Western countries worry about the dramatic price reduction and talk about dumping. That shows a protectionist attitude. That's wrong,” Shi told the United Kingdom’s Guardian. “We must work together to promote and utilise each other's strengths."

China recently  took a big step toward enhancing cooperation with Western solar companies by signing a deal with the Phoenix-based First Solar (Nasdaq: FSLR) to build the world’s largest solar plant.

The 2,000 megawatt complex will be built in Ordos City in Inner Mongolia by 2019. At that size, it would be about 30 times larger than any existing solar power stations in Europe.

There are a few existing solar projects of about 50 to 60 megawatts, but this would be the biggest by a country mile,” Charles Yonts, an analyst specializing in alternative energy at CLSA Ltd. in Hong Kong, told Bloomberg. “China is suggesting the solar market will be up to 20,000 megawatts by 2020, but the scale of this project suggests these estimates are far too conservative.”

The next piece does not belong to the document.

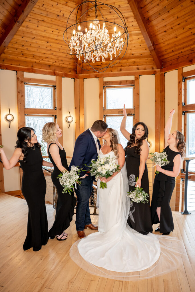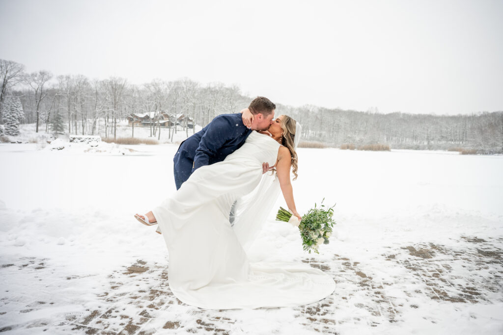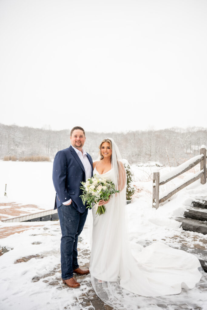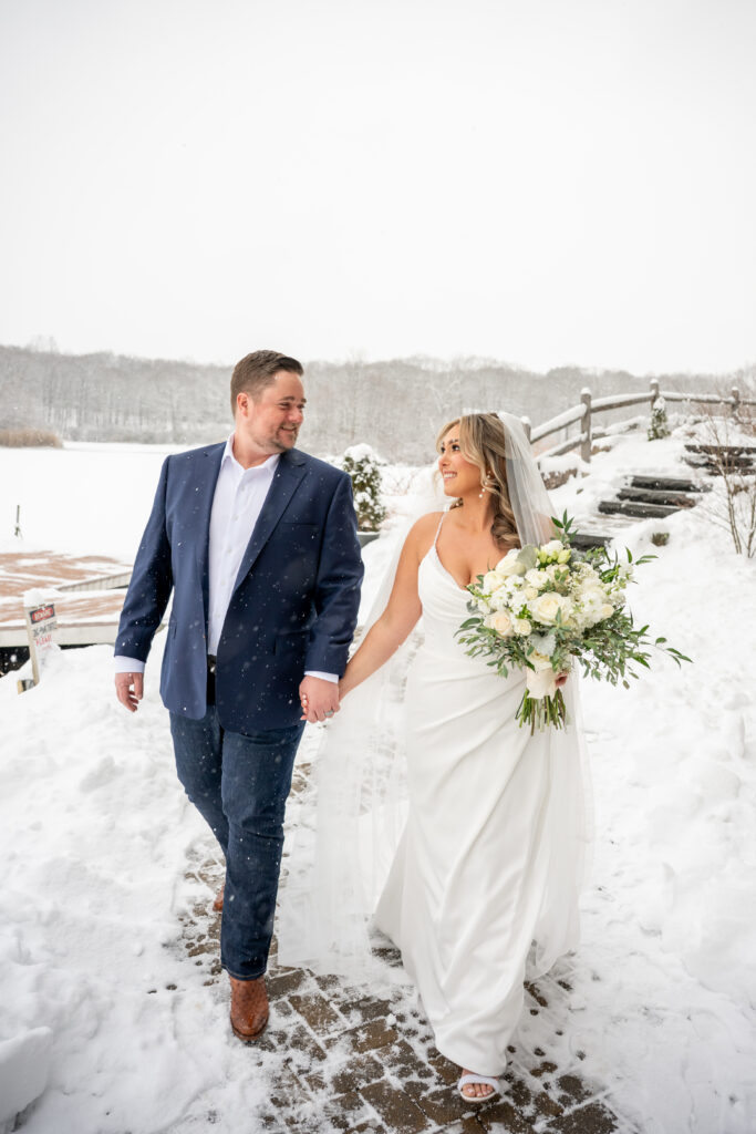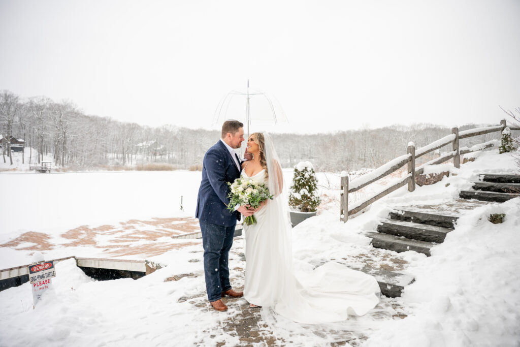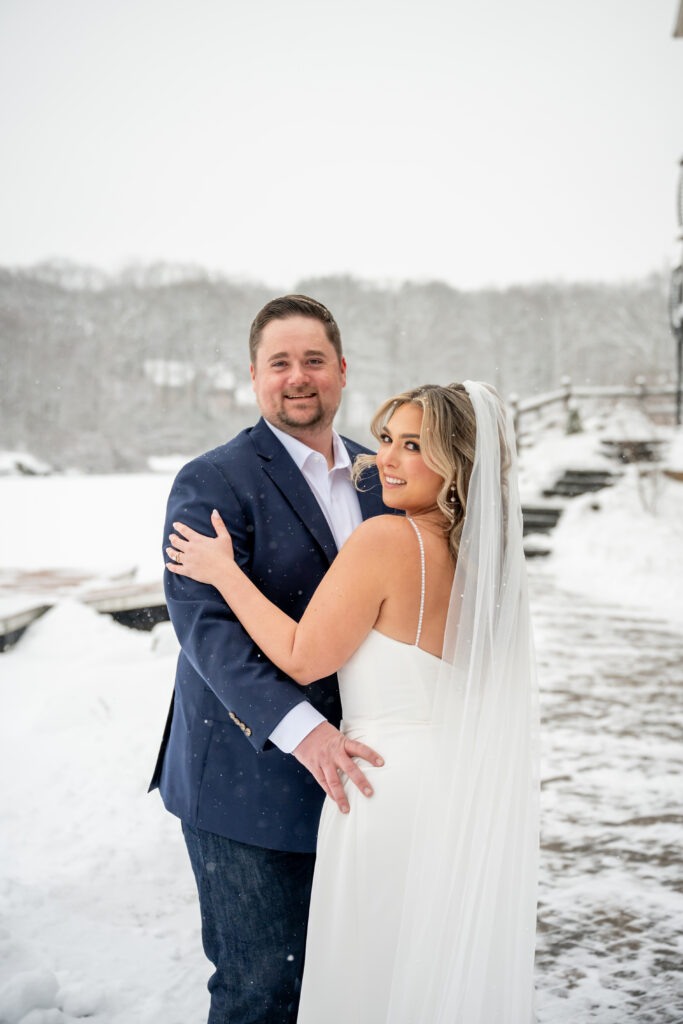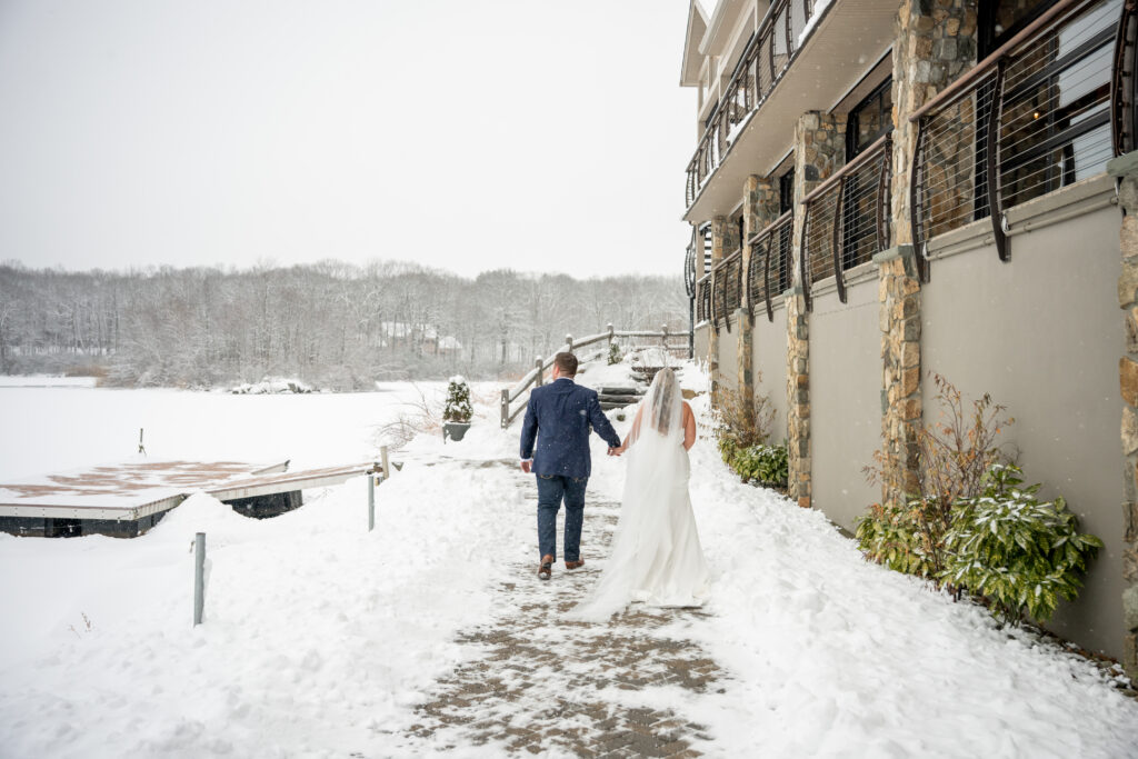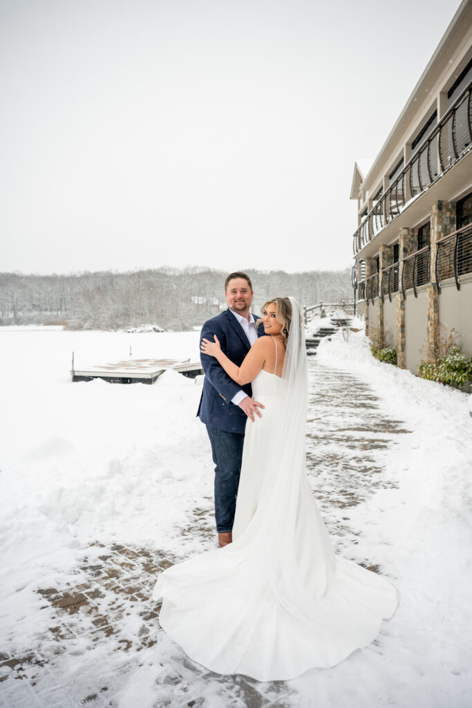One of the sweetest moments was watching them twirl together in the snow, holding hands and laughing as flakes landed softly in their hair and coats. Because of the snowfall, the entire property looked even more romantic than usual, with the lake, trees, and cozy lodge creating the perfect winter backdrop.

First Solar will consider solar module and manufacturing sites in Ordos City as part of the agreement.

The deal raised the eyebrows of many industry leaders who were skeptical about China’s willingness to work with Western companies.

"If you announce that we have such a huge need for solar panels that we are even going to put First Solar panels into China, all of a sudden we've gone from this massive threat to maybe we saw it the wrong way around," Stephan Dolezalek, managing director of Silicon Valley-based venture capital firm VantagePoint Venture Partners, told Reuters.

"Maybe we should see the size of the Chinese market as this enormous upside potential, and maybe all of solar should be seeing it much more positively."

BrightSource Energy Chief Executive Officer John Woolward said his company is moving “slowly and deliberately” to find a partner in China, while Tom Werner, chief executive of the California-based SunPower Corp. (Nasdaq: SPWRA) said the deal “clearly makes use more bullish on China.”

“We hope that that will result in us being able to penetrate that market as well,” he added.